Problem details - Nothing but the images is to be left out of your exact copy of the entries.

####

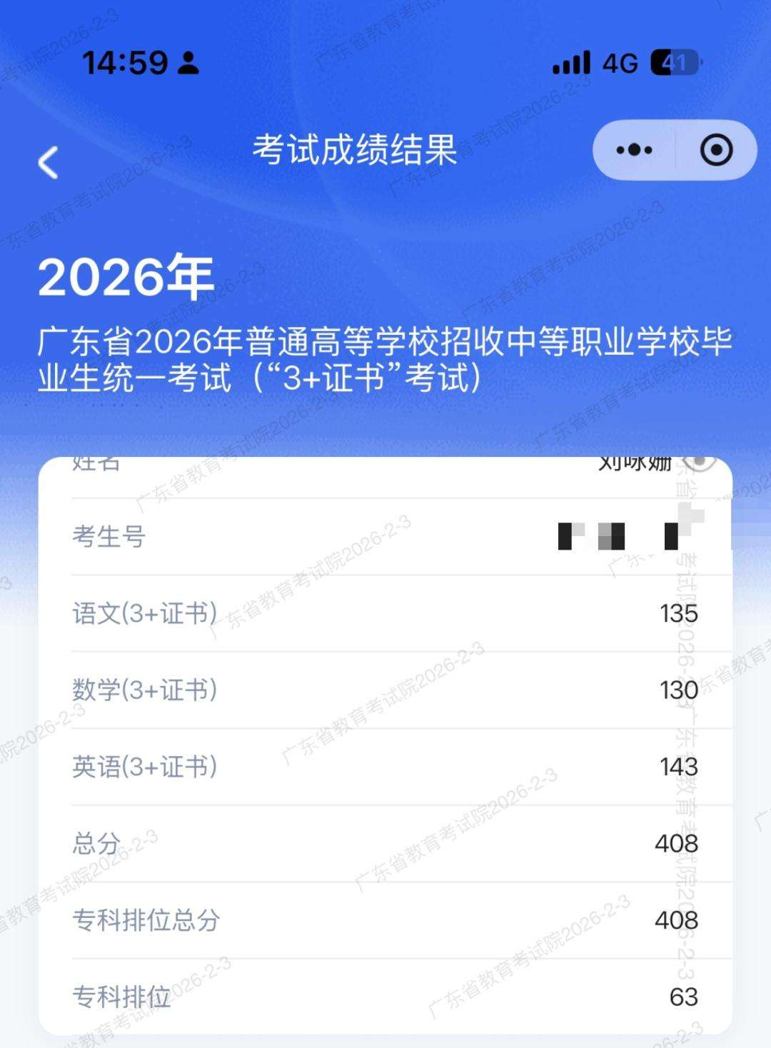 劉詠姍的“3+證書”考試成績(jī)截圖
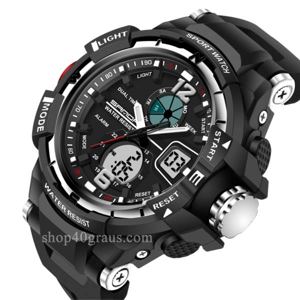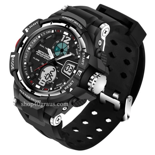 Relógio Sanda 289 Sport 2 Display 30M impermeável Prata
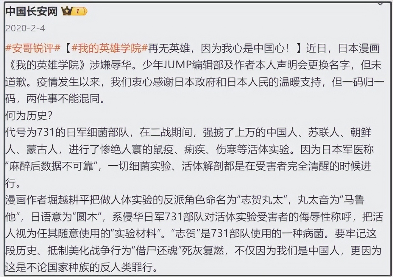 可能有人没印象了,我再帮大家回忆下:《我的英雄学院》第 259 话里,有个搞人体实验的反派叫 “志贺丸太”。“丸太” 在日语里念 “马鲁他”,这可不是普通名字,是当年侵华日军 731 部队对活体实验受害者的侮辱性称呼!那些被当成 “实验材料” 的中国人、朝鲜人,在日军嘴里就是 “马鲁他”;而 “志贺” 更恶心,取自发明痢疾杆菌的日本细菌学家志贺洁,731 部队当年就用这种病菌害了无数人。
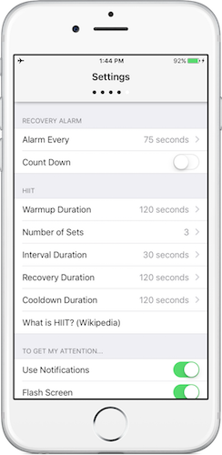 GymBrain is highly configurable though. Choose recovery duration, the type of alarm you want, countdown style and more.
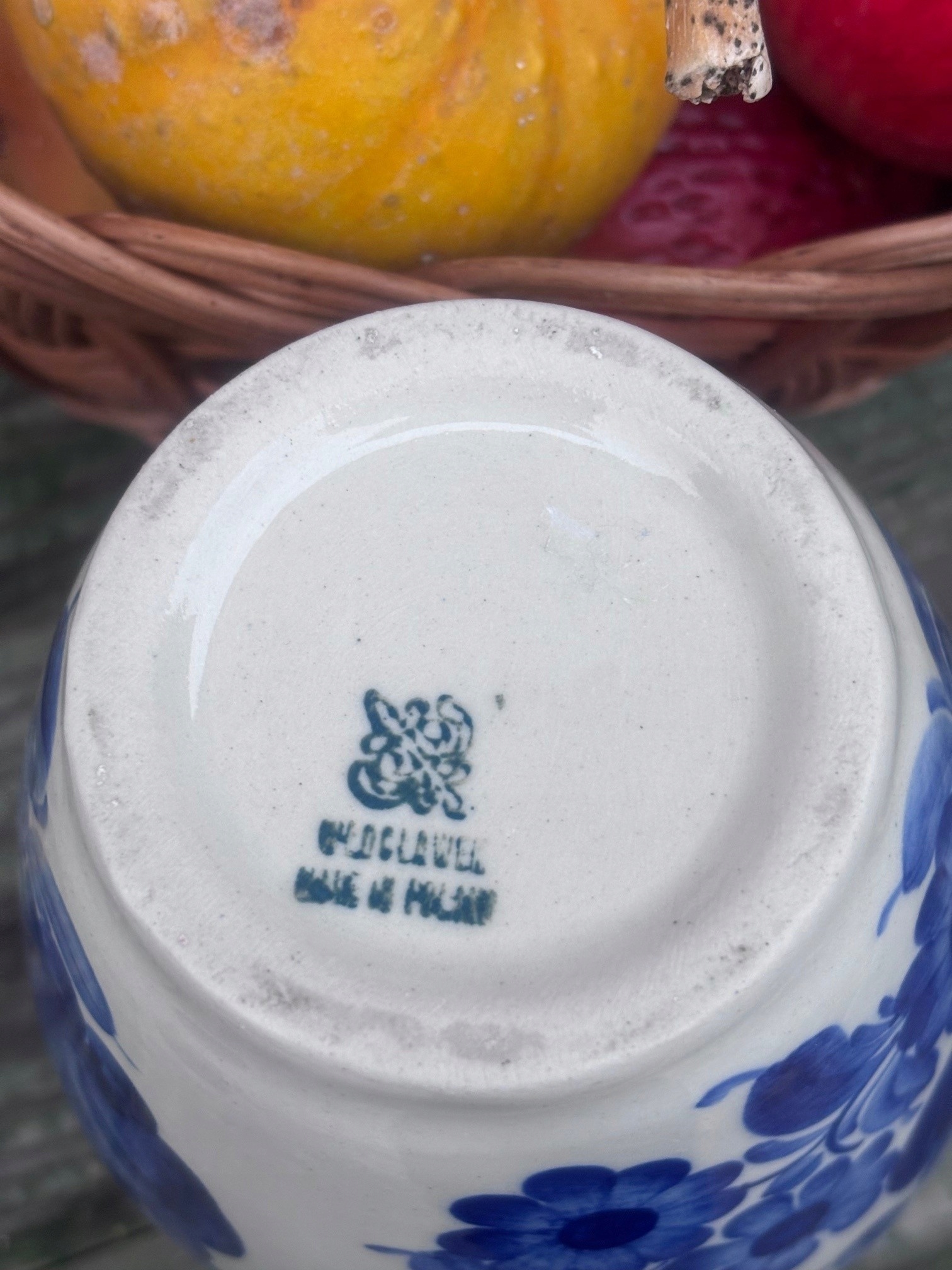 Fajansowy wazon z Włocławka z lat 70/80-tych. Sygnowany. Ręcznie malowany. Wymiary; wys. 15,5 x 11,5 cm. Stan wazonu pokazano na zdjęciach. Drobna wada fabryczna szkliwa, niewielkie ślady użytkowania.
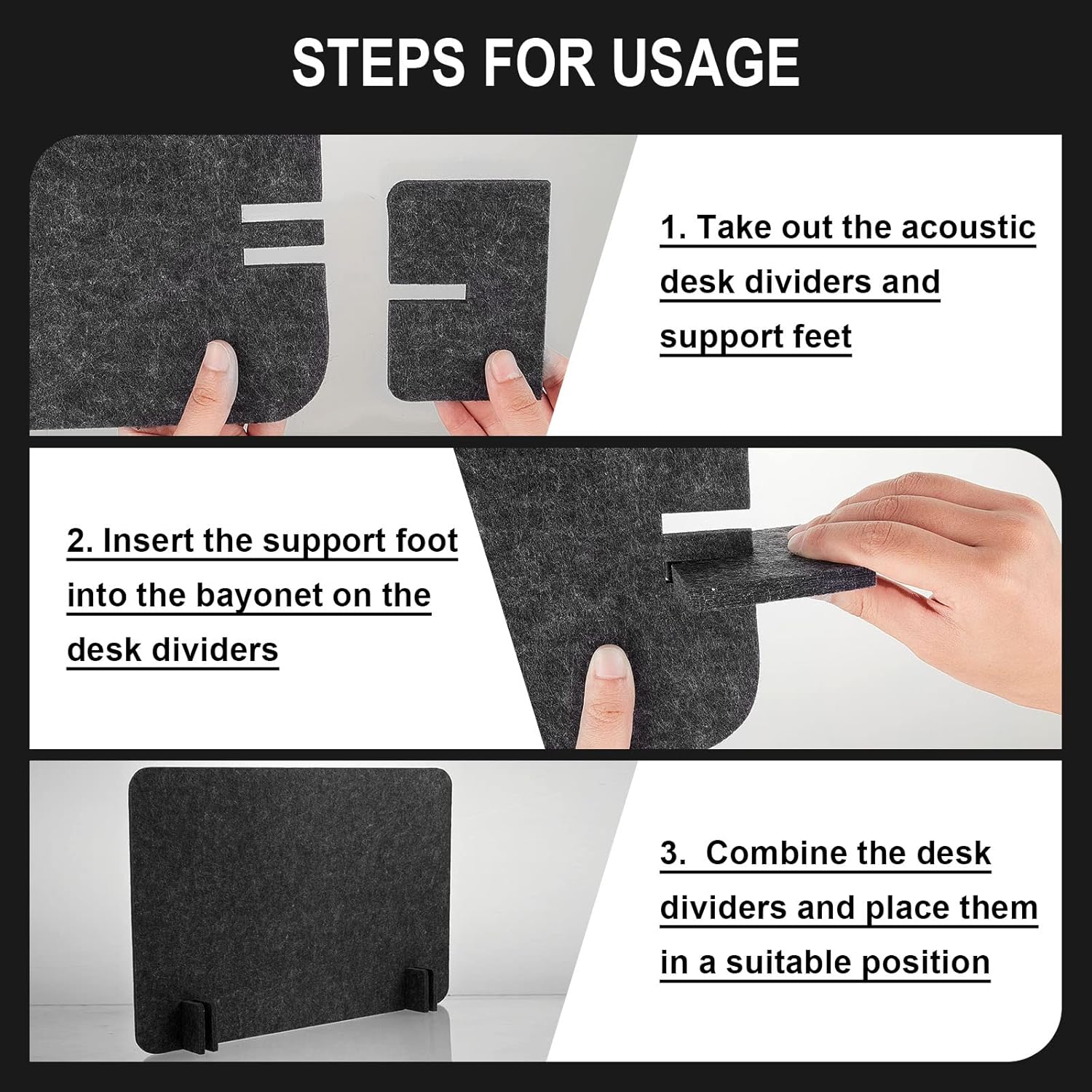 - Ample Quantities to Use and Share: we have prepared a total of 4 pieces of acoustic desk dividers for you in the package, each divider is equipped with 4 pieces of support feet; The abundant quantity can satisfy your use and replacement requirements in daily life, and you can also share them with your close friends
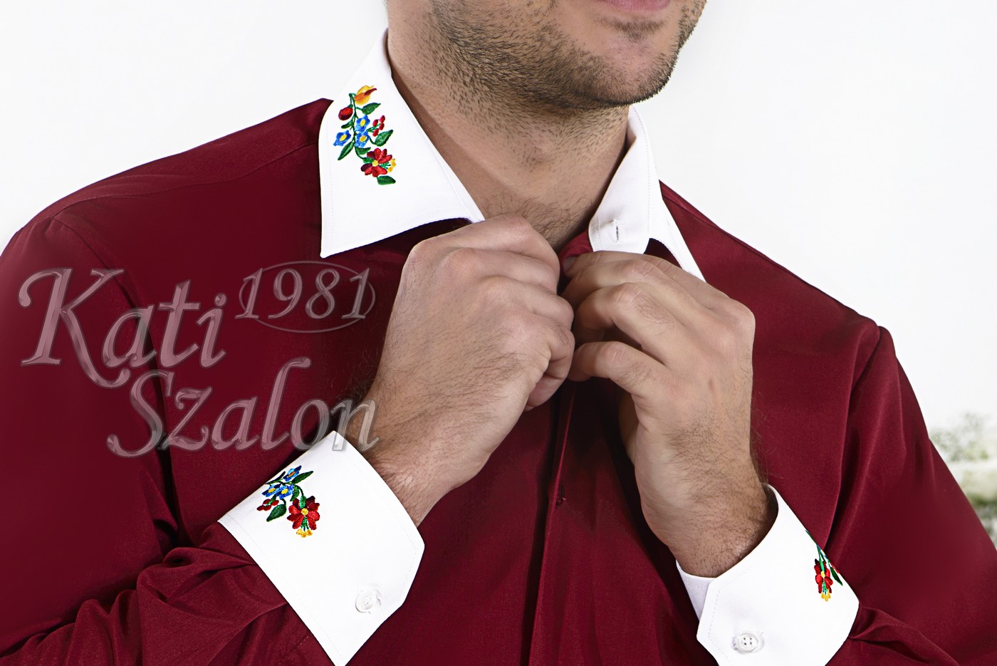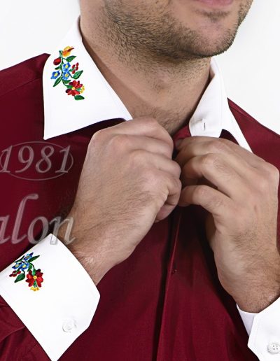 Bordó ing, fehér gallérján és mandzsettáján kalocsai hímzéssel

####

Solved problem -
 劉詠姍的“3+證書”考試成績(jī)截圖
 Relógio Sanda 289 Sport 2 Display 30M impermeável Prata
 可能有人没印象了,我再帮大家回忆下:《我的英雄学院》第 259 话里,有个搞人体实验的反派叫 “志贺丸太”。“丸太” 在日语里念 “马鲁他”,这可不是普通名字,是当年侵华日军 731 部队对活体实验受害者的侮辱性称呼!那些被当成 “实验材料” 的中国人、朝鲜人,在日军嘴里就是 “马鲁他”;而 “志贺” 更恶心,取自发明痢疾杆菌的日本细菌学家志贺洁,731 部队当年就用这种病菌害了无数人。
 GymBrain is highly configurable though. Choose recovery duration, the type of alarm you want, countdown style and more.
 Fajansowy wazon z Włocławka z lat 70/80-tych. Sygnowany. Ręcznie malowany. Wymiary; wys. 15,5 x 11,5 cm. Stan wazonu pokazano na zdjęciach. Drobna wada fabryczna szkliwa, niewielkie ślady użytkowania.
 - Ample Quantities to Use and Share: we have prepared a total of 4 pieces of acoustic desk dividers for you in the package, each divider is equipped with 4 pieces of support feet; The abundant quantity can satisfy your use and replacement requirements in daily life, and you can also share them with your close friends
 Bordó ing, fehér gallérján és mandzsettáján kalocsai hímzéssel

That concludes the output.